(Available records begins)

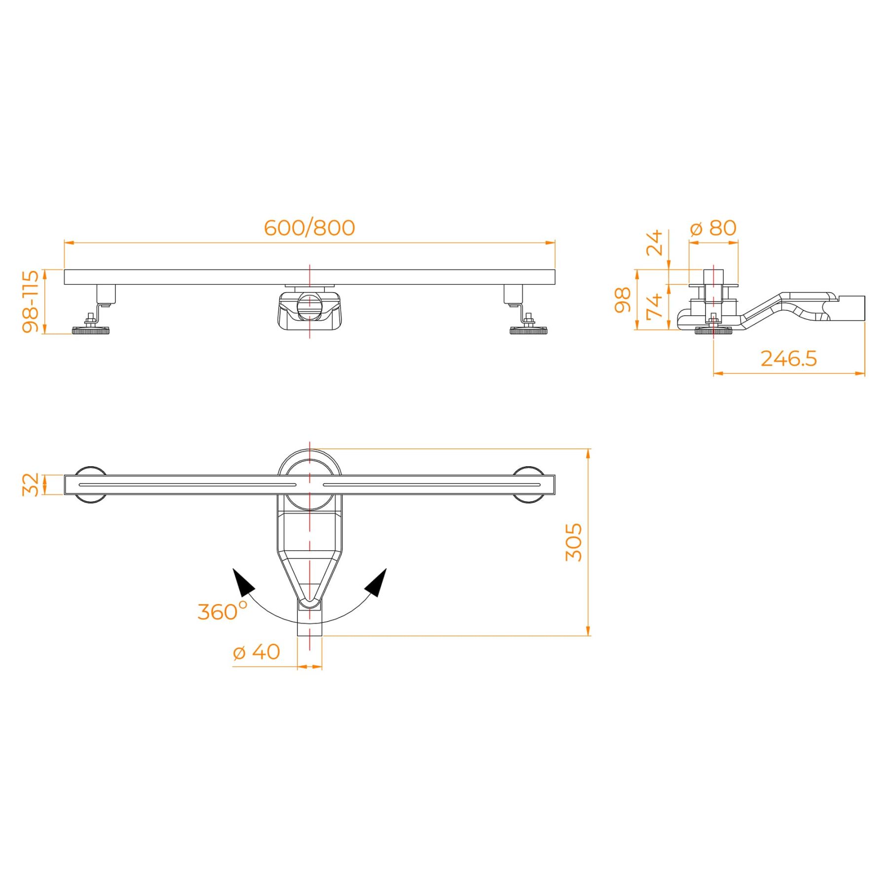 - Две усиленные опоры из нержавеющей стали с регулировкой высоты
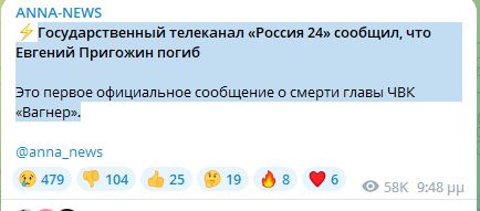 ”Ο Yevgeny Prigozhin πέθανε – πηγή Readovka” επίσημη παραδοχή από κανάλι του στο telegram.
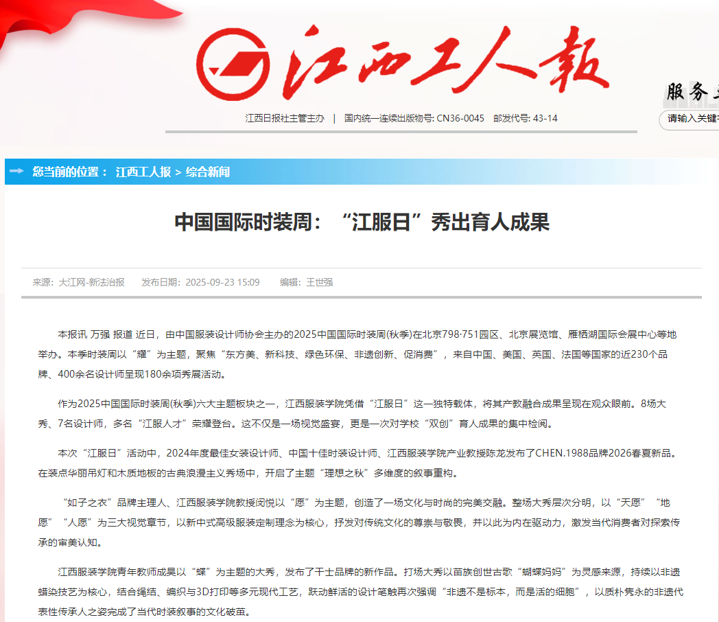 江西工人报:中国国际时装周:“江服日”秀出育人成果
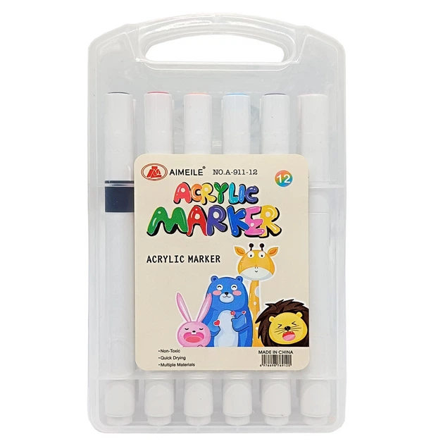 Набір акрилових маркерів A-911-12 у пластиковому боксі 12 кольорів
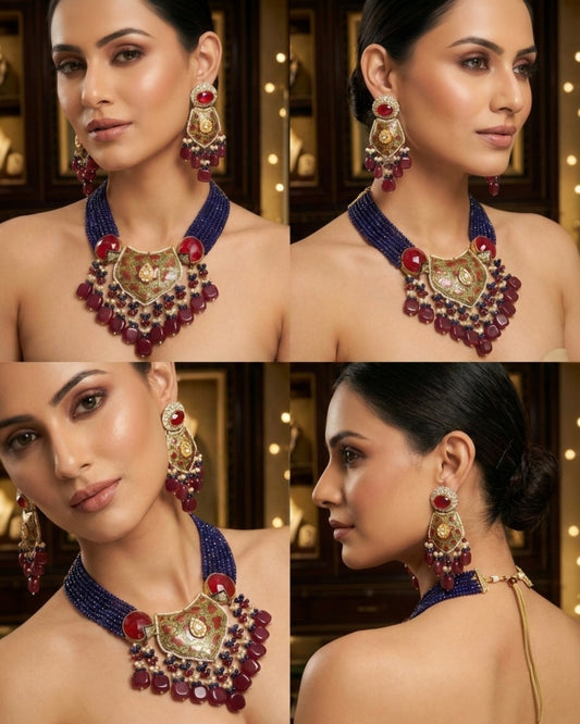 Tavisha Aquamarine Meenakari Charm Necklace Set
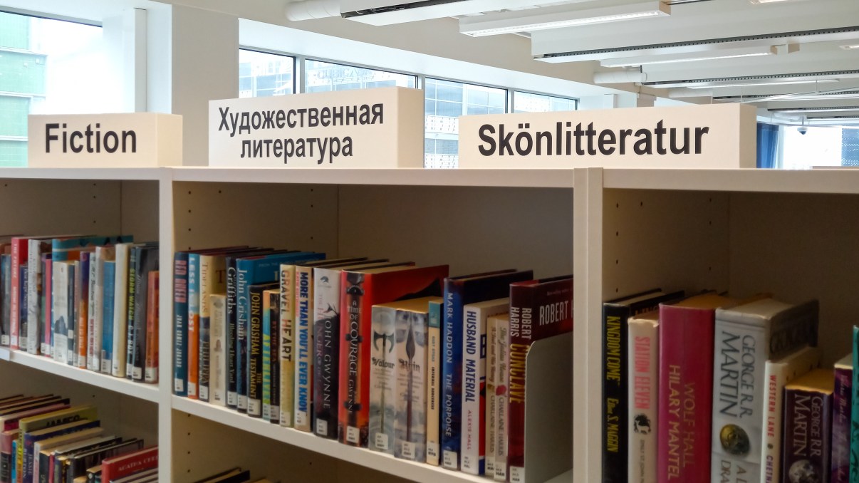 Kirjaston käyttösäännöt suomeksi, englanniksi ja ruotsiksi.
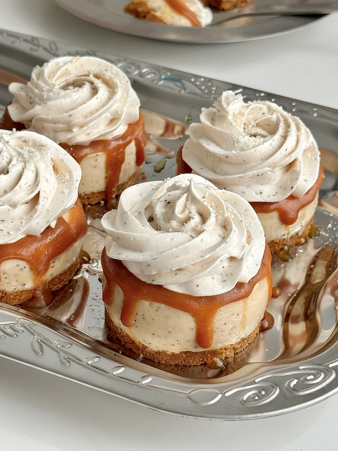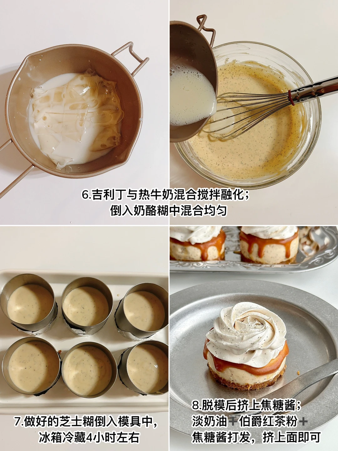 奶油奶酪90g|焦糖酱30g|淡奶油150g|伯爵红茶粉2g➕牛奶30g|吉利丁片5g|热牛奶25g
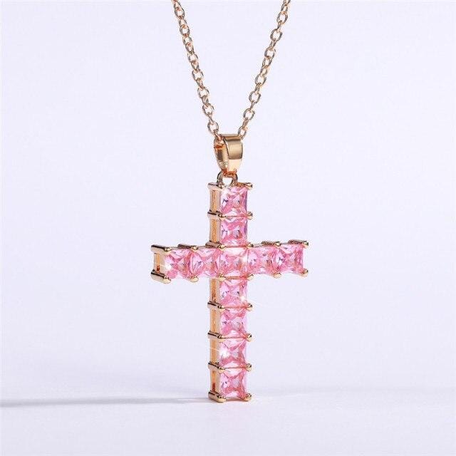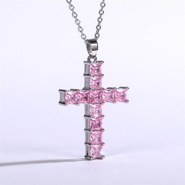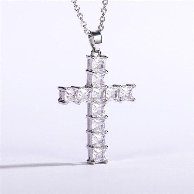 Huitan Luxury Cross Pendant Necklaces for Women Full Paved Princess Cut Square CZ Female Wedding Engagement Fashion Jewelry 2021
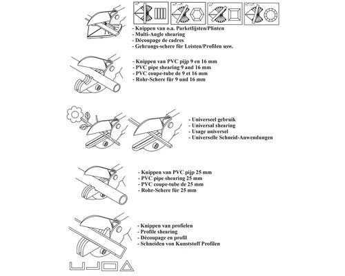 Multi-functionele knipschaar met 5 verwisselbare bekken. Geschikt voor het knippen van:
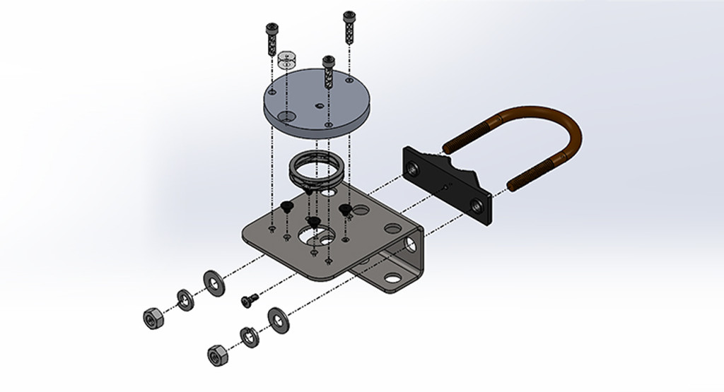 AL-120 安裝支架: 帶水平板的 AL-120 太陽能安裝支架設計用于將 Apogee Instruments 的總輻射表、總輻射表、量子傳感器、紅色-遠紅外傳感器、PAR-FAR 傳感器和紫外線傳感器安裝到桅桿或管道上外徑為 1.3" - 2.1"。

(Available records ends)

▶ [What to work on] Retyped exactly, the lines from the one holding "Kirjaston käyttösäännöt suomeksi, englanniksi" through the last line of the data above are the whole answer. Pictures stay out.

▶ [Answer for the task]
 Kirjaston käyttösäännöt suomeksi, englanniksi ja ruotsiksi.
 奶油奶酪90g|焦糖酱30g|淡奶油150g|伯爵红茶粉2g➕牛奶30g|吉利丁片5g|热牛奶25g
 Huitan Luxury Cross Pendant Necklaces for Women Full Paved Princess Cut Square CZ Female Wedding Engagement Fashion Jewelry 2021
 Multi-functionele knipschaar met 5 verwisselbare bekken. Geschikt voor het knippen van:
 AL-120 安裝支架: 帶水平板的 AL-120 太陽能安裝支架設計用于將 Apogee Instruments 的總輻射表、總輻射表、量子傳感器、紅色-遠紅外傳感器、PAR-FAR 傳感器和紫外線傳感器安裝到桅桿或管道上外徑為 1.3" - 2.1"。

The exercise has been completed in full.